Sanders ainda não divulgou por onde começará a campanha nem revelou as escolhas da equipe para a nova empreitada política. A vitória recorde de mulheres, representantes de minorias e candidatos de primeira viagem nas eleições legislativas de novembro do ano passado indicam que os democratas podem apostar em caras novas no próximo pleito. Céticos temem que Sanders não consiga renovar sua plataforma a esta altura, já que manteve a mesma mensagem esquerdista ao longo das décadas de carreira.
O senador terá ainda que impulsionar sua popularidade entre negros e driblar a repercussão negativa dos relatos de assédio, destrato e desigualdade salarial de funcionárias que trabalharam em sua campanha em 2016. As vítimas apontaram que líderes da campanha nada ou pouco fizeram, ao serem informados dos abusos, e os relatos abalaram a reputação do candidato, que se desculpou pelas falhas.
Por outro lado, Sanders começa a campanha com várias vantagens, como a organização em 50 estados e uma grande liderança entre pequenos doadores — equivalente à base de doadores de todos os outros aspirantes à indicação democrata juntos.
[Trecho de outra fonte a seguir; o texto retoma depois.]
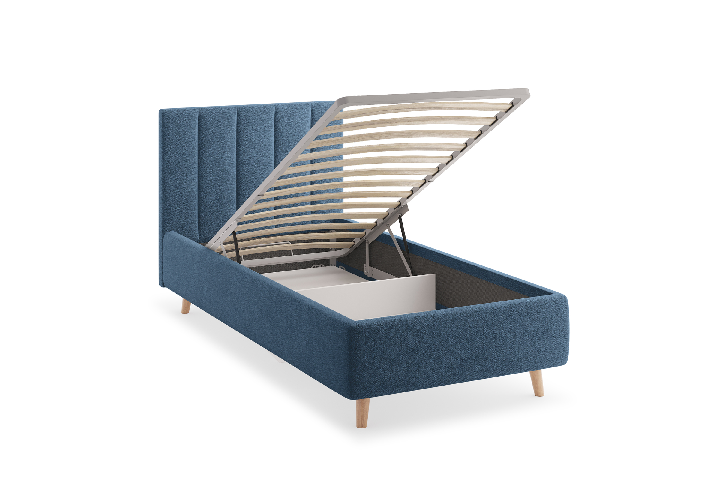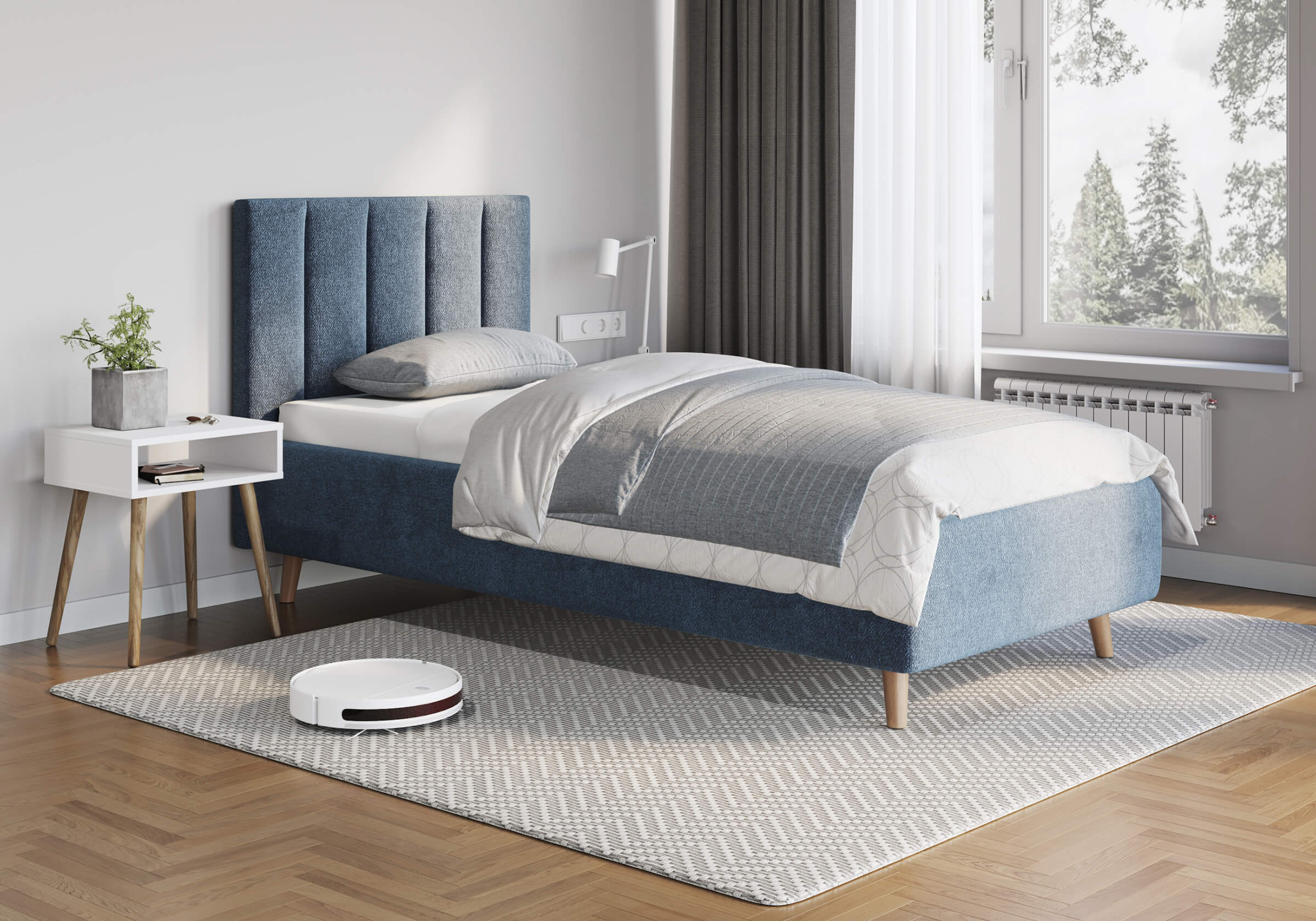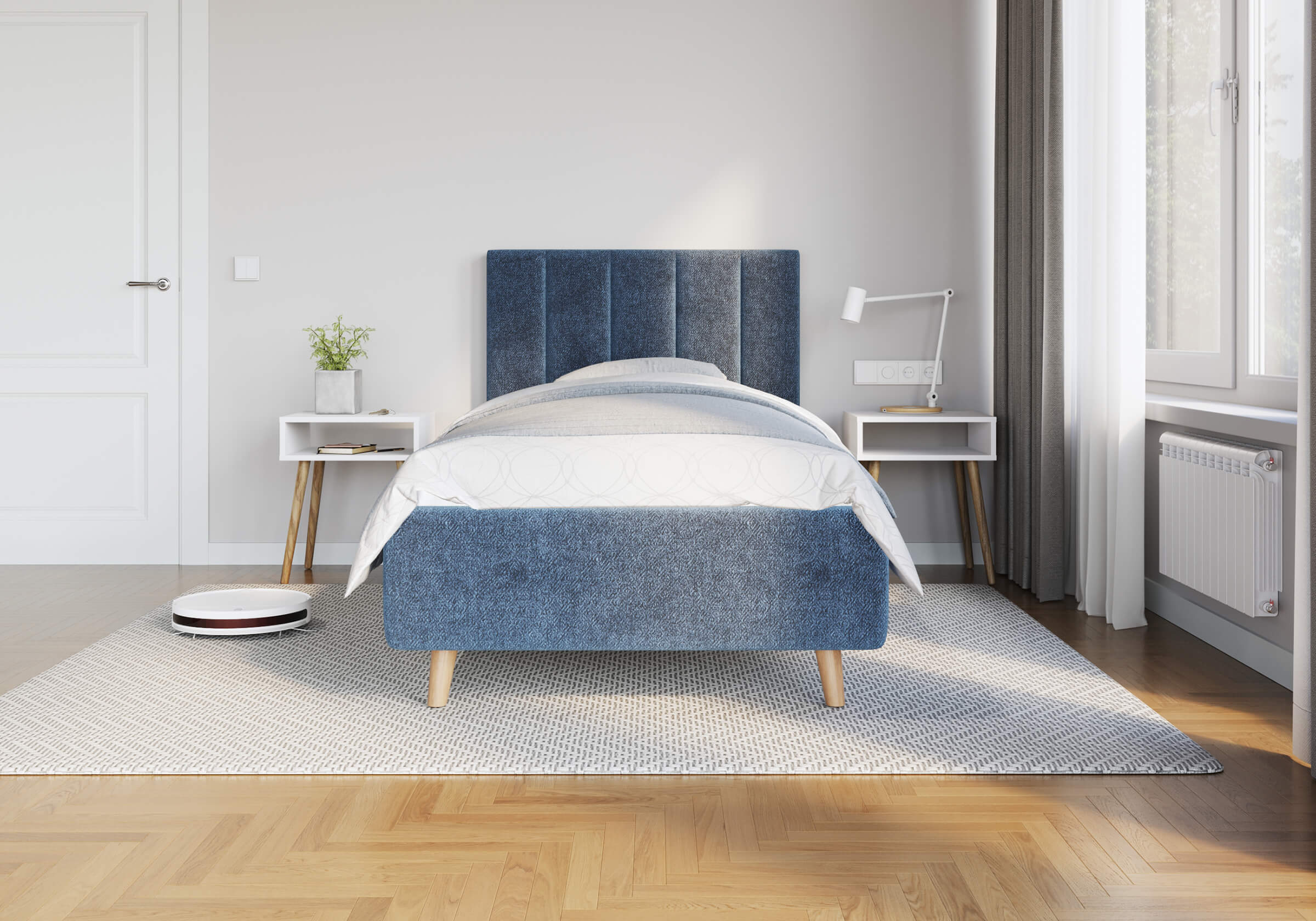 Основание кровати на деревянных ножках. Благодаря увеличенной высоте позволяют осуществлять легкую уборку под кроватью, даже с помощью робота-пылесоса.

Pesquisas iniciais sobre a corrida eleitoral de 2020 o situam em segundo lugar, atrás apenas do ex-vice-presidente Joe Biden.
Os socialistas e Trump
Estrelas em ascensão como Alexandria Ocasio-Cortez e Ayanna Pressley desviaram parte de sua autoridade sobre a ala progressista do partido, mas o senador ainda afirma ter gerado uma “revolução política” que reformulou o Partido Democrata e criou uma geração de jovens eleitores socialistas.
Sanders também é parcialmente responsável pela decisão do partido no ano passado de rever o processo de indicação do seu candidato, por meio da redução drástica da influência dos chamados superdelegados, indicados pela cúpula partidária, e do aumento da transparência em torno dos debates — fatores que ele sentiu terem favorecido Hillary Clinton em 2016.
O senador já logo abriu fogo contra principal rival na corrida de 2020, Donald Trump.
“Vocês sabem tão bem quanto eu que estamos vivendo um momento crucial e perigoso na História americana”, disse ele no e-mail a apoiadores. “Estamos concorrendo contra um presidente que é um mentiroso patológico, uma fraude, um racista, um sexista, um xenófobo e alguém que está minando a democracia americana ao nos conduzir em uma direção autoritária.”
Minutos depois de anunciada a candidatura e Sanders, Trump postou no Twitter: “Se o partido de oposição (não, não a mídia) tivesse ganhado a eleição, o mercado de ações estaria em baixa de pelo menos 10 mil pontos agora. Estamos subindo, subindo, subindo”. A alusão a uma hipotética queda dos mercados, caso os democratas tivessem sido vitoriosos em 2016, é uma constante no discurso do ocupante da Casa Branca.
No início do mês, Trump voltou a demonstrar sua habilidade para criar vilões que sirvam como adversários políticos e apresentou seu novo antagonista: os socialistas, de cujo grupo Bernie Sanders é uma das referências. O discurso indicou qual deve ser a cara da campanha de reeleição do republicano.
— Aqui nos Estados Unidos, estamos alarmados com novos chamados para adotar o socialismo em nosso país — disse o presidente. — Esta noite, decidimos que a América nunca será um país socialista.
A ameaça do socialismo foi algo novo no discurso de Trump. Mas pode se tornar dominante na retórica da campanha de 2020, como os ataques aos imigrantes o foram na campanha de 2016, quando ele provocou sobressalto com seus ataques contra “estrangeiros ilegais e criminosos”. Se evocar o fantasma do socialismo, Trump pode conseguir uma arma potencialmente eficaz para se confrontar com um Partido Democrata cada vez mais inclinado à esquerda, assim como outros membros do partido que propagam políticas como uma alíquota de imposto de renda de 70% para multimilionários e assistência médica para todos. Embora essas políticas sejam de esquerda, não há evidência de qualquer onda socialista a varrer os Estados Unidos.